=== DATA PROVIDED ===

'''

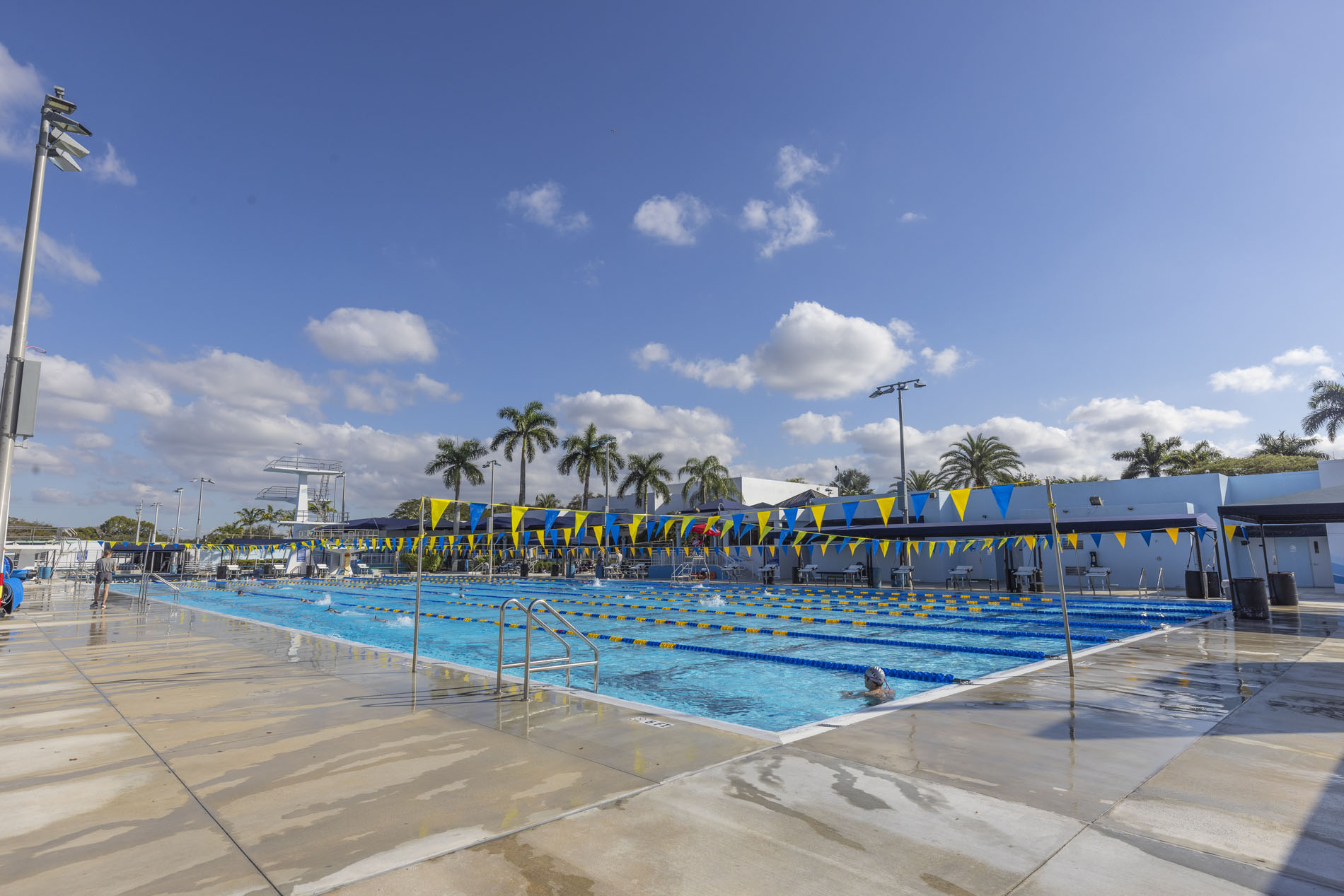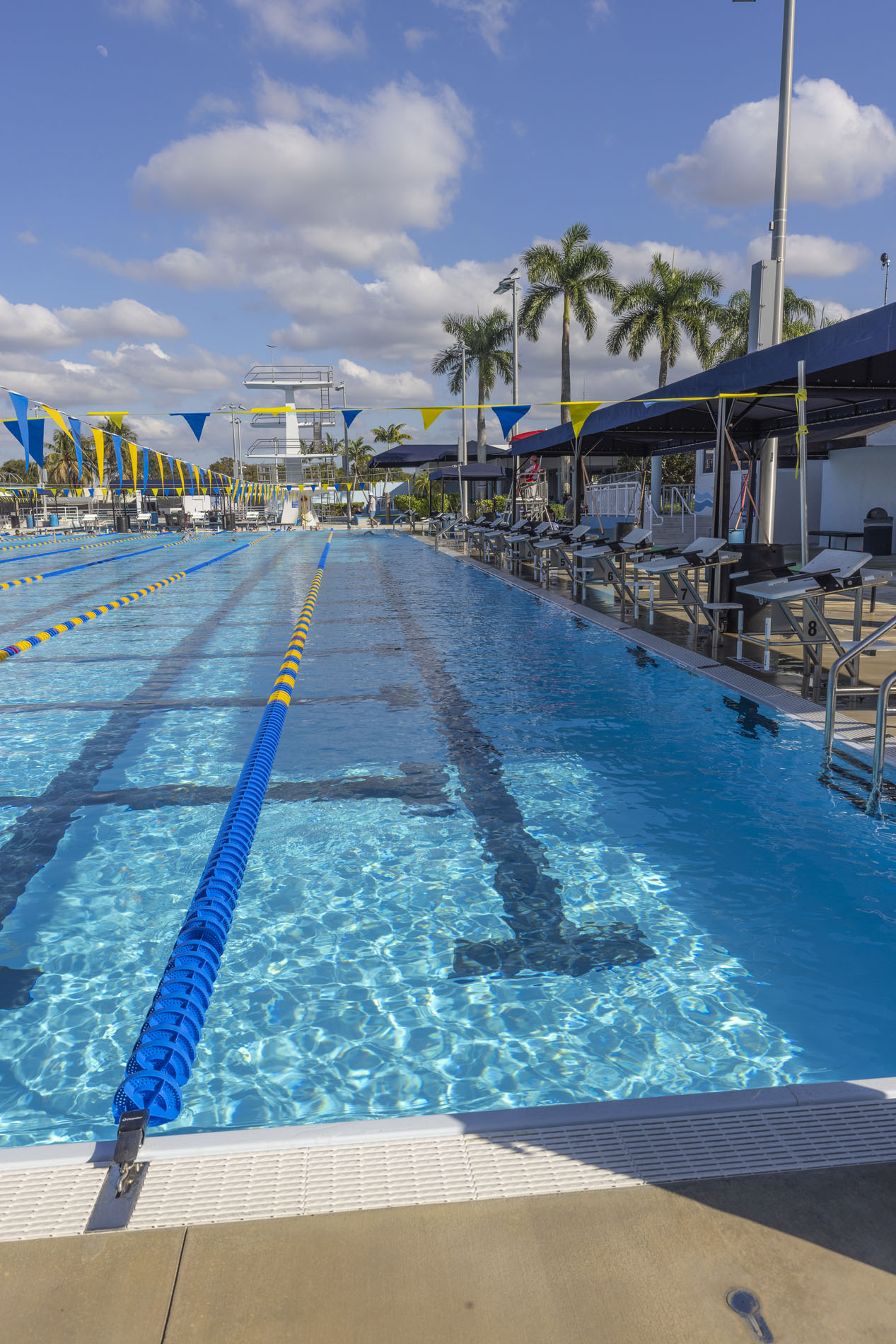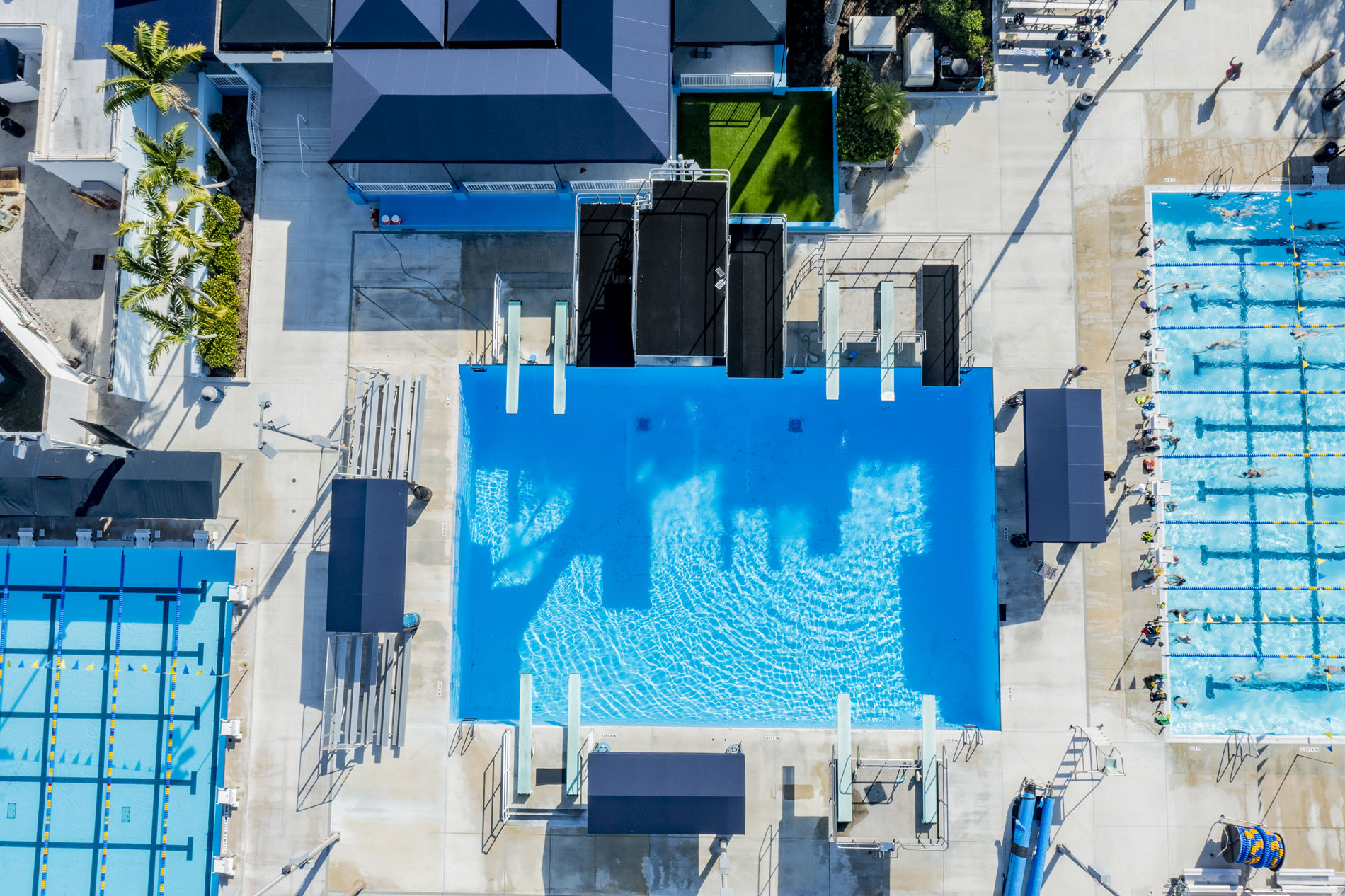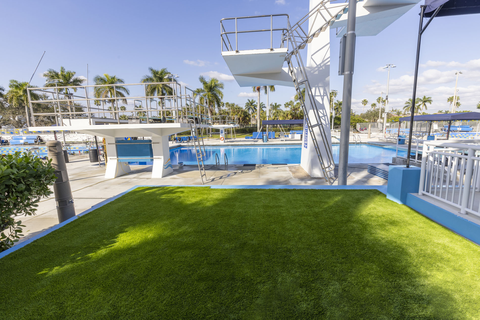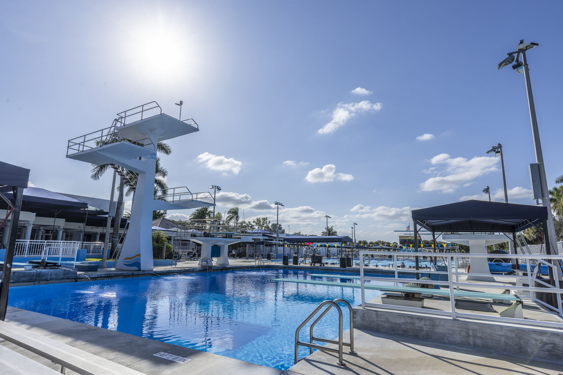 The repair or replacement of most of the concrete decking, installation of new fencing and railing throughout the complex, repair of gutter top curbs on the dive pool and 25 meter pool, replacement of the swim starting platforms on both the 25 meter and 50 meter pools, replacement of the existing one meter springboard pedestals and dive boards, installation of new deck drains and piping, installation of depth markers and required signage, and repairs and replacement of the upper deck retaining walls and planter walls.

'''
'''

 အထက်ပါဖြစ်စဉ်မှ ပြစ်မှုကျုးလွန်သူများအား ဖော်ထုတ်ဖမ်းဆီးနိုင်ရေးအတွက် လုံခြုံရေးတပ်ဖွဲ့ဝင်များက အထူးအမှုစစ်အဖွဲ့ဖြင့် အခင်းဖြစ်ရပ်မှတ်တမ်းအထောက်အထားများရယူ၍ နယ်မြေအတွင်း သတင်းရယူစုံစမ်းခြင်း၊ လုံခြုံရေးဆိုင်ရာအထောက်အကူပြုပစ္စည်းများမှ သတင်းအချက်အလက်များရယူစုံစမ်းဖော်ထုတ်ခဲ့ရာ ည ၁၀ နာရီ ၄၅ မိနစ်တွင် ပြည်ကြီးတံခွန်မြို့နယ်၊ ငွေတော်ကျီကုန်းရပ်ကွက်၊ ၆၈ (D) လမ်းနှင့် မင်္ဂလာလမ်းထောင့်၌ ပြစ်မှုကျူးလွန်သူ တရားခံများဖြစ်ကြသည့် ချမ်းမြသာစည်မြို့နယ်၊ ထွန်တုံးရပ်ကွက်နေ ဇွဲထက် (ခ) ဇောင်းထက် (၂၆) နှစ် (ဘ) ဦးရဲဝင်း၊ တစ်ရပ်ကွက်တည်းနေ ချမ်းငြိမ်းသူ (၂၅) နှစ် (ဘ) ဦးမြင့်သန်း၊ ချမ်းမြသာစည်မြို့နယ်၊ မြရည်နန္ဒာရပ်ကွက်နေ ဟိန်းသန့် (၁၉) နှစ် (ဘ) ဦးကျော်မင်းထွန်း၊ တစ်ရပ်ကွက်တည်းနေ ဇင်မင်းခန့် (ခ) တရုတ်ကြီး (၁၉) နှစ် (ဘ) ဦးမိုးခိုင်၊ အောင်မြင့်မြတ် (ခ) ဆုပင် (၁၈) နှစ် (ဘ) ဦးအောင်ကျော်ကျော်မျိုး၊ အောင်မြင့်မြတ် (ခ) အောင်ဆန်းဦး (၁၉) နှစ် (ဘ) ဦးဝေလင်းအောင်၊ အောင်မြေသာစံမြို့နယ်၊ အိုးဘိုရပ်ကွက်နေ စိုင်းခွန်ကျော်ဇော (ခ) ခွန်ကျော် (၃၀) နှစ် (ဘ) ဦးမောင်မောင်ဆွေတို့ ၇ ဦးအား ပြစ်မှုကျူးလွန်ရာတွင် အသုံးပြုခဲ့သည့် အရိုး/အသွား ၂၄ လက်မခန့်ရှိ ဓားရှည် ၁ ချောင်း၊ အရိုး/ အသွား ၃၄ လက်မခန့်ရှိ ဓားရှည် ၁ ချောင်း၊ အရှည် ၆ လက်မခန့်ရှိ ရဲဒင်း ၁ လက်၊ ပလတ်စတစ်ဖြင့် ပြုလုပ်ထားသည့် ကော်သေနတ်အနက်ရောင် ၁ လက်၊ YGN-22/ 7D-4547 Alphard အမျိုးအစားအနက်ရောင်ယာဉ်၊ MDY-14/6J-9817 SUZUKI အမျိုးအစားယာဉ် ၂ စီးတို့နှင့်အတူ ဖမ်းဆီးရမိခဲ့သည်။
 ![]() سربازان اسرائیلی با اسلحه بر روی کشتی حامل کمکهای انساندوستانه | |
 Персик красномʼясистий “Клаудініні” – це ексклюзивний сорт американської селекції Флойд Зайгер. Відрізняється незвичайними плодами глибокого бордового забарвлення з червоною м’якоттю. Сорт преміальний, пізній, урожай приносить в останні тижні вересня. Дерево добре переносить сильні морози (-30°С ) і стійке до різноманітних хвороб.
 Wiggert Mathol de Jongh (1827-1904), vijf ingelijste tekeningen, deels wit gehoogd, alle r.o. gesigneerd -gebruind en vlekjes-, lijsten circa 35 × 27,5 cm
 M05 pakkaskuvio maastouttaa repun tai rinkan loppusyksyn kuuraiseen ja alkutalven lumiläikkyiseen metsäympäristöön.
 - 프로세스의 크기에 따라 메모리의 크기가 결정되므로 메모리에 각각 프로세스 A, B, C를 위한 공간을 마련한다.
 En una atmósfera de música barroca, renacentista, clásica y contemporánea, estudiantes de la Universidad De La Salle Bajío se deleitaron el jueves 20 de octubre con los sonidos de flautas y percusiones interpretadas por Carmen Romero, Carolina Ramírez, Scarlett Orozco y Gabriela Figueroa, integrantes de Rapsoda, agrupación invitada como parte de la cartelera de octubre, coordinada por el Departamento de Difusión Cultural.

'''

=== DIRECTIONS FOR THIS TASK ===
Everything from the line with "до різноманітних хвороб." through the line with "En una atmósfera" should be written out exactly as it appears above, end lines included, and nothing outside that range.

=== WRITTEN RESPONSE ===
 Персик красномʼясистий “Клаудініні” – це ексклюзивний сорт американської селекції Флойд Зайгер. Відрізняється незвичайними плодами глибокого бордового забарвлення з червоною м’якоттю. Сорт преміальний, пізній, урожай приносить в останні тижні вересня. Дерево добре переносить сильні морози (-30°С ) і стійке до різноманітних хвороб.
 Wiggert Mathol de Jongh (1827-1904), vijf ingelijste tekeningen, deels wit gehoogd, alle r.o. gesigneerd -gebruind en vlekjes-, lijsten circa 35 × 27,5 cm
 M05 pakkaskuvio maastouttaa repun tai rinkan loppusyksyn kuuraiseen ja alkutalven lumiläikkyiseen metsäympäristöön.
 - 프로세스의 크기에 따라 메모리의 크기가 결정되므로 메모리에 각각 프로세스 A, B, C를 위한 공간을 마련한다.
 En una atmósfera de música barroca, renacentista, clásica y contemporánea, estudiantes de la Universidad De La Salle Bajío se deleitaron el jueves 20 de octubre con los sonidos de flautas y percusiones interpretadas por Carmen Romero, Carolina Ramírez, Scarlett Orozco y Gabriela Figueroa, integrantes de Rapsoda, agrupación invitada como parte de la cartelera de octubre, coordinada por el Departamento de Difusión Cultural.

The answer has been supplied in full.